Well, thought Will, if Lyra’s in the cave and Mrs. Coulter doesn’t leave it, I’ll have to go and pay a call.
He said, "What is this drug you have? What do you have to do with it to wake her up?"
Ama explained.
"And where is it now?"
In her home, she said. Hidden away.
"All right. Wait here and don’t come near. When you see her, you mustn’t say that you know me. You’ve never seen me, or the bear. When do you next bring her food?"
Half an hour before sunset, Ama’s daemon said.
"Bring the medicine with you then," said Will. "I’ll meet you here."
She watched with great unease as he set off along the path. Surely he didn’t believe what she had just told him about the monkey daemon, or he wouldn’t walk so recklessly up to the cave.
Actually, Will felt very nervous. All his senses seemed to be clarified, so that he was aware of the tiniest insects drifting in the sun shafts and the rustle of every leaf and the movement of the clouds above, even though his eyes never left the cave mouth.
"Balthamos," he whispered, and the angel daemon flew to his shoulder as a bright-eyed small bird with red wings. "Keep close to me, and watch that monkey."
"Then look to your right," said Balthamos tersely.
And Will saw a patch of golden light at the cave mouth that had a face and eyes and was watching them. They were no more than twenty paces away. He stood still, and the golden monkey turned his head to look in the cave, said something, and turned back.
Will felt for the knife handle and walked on.
When he reached the cave, the woman was waiting for him.
She was sitting at her ease in the little canvas chair, with a book on her lap, watching him calmly. She was wearing traveler’s clothes of khaki, but so well were they cut and so graceful was her figure that they looked like the highest of high fashion, and the little spray of red
blossom she’d pinned to her shirtfront looked like the most elegant of jewels. Her hair shone and her dark eyes glittered, and her bare legs gleamed golden in the sunlight.
She smiled. Will very nearly smiled in response, because he was so unused to the sweetness and gentleness a woman could put into a smile, and it unsettled him.
"You’re Will," she said in that low, intoxicating voice.
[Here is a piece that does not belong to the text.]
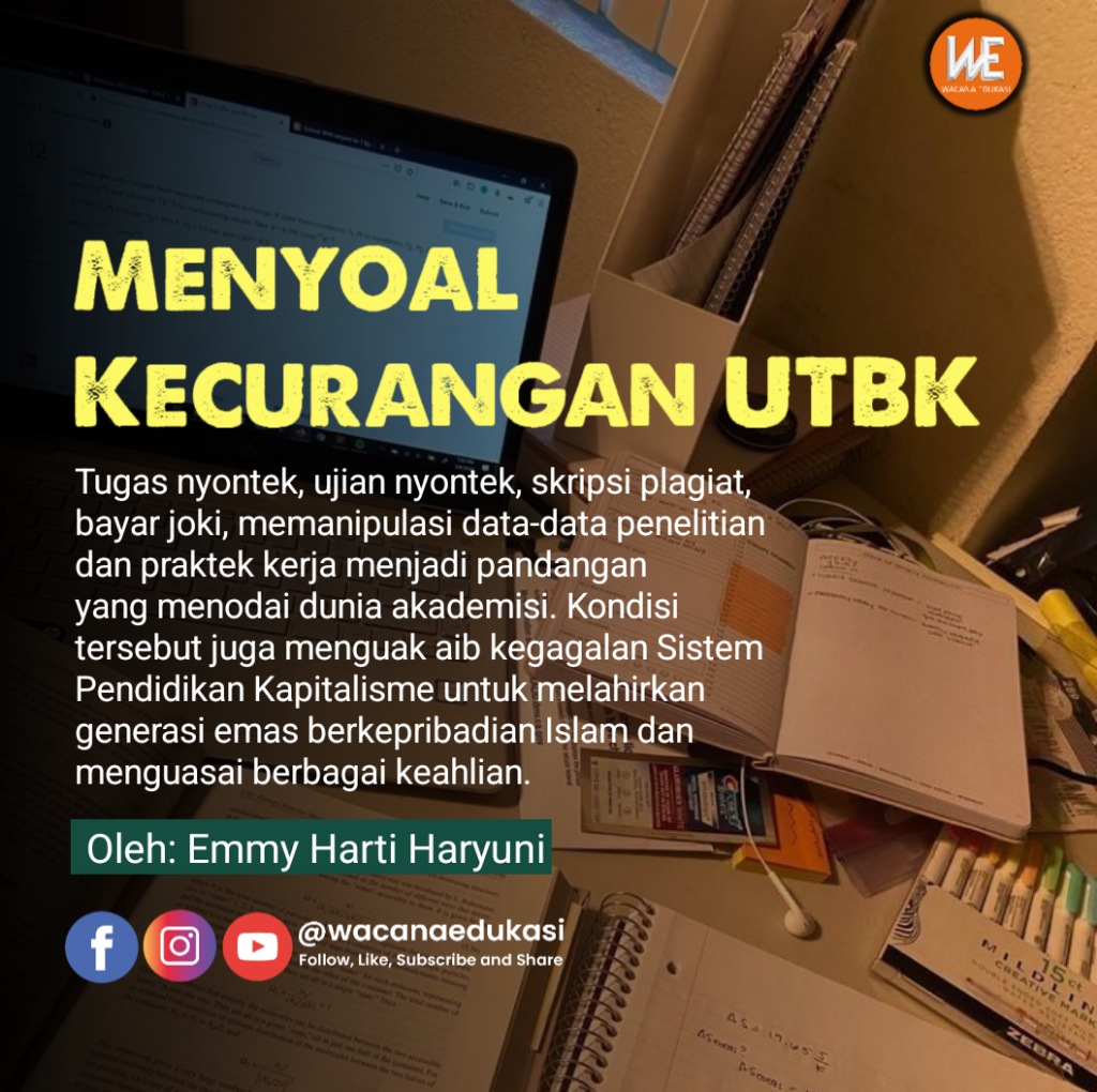 Kondisi tersebut juga menguak aib kegagalan Sistem Pendidikan Kapitalisme untuk melahirkan generasi emas berkepribadian Islam dan menguasai berbagai keahlian. Menelurkan generasi yang ketika menjalani ujian kelulusan, sangat berpotensi untuk berbuat curang lagi.

"How do you know my name?" he said harshly.
"Lyra says it in her sleep."
"Where is she?"
"Safe."
"I want to see her."
"Come on, then," she said, and got to her feet, dropping the book on the chair.
For the first time since coming into her presence, Will looked at the monkey daemon. His fur was long and lustrous, each hair seeming to be made of pure gold, much finer than a human’s, and his little face and hands were black. Will had last seen that face, contorted with hate, on the evening when he and Lyra stole the alethiometer back from Sir Charles Latrom in the house in Oxford. The monkey had tried to tear at him with his teeth until Will had slashed left-right with the knife, forcing the daemon backward, so he could close the window and shut them away in a different world. Will thought that nothing on earth would make him turn his back on that monkey now.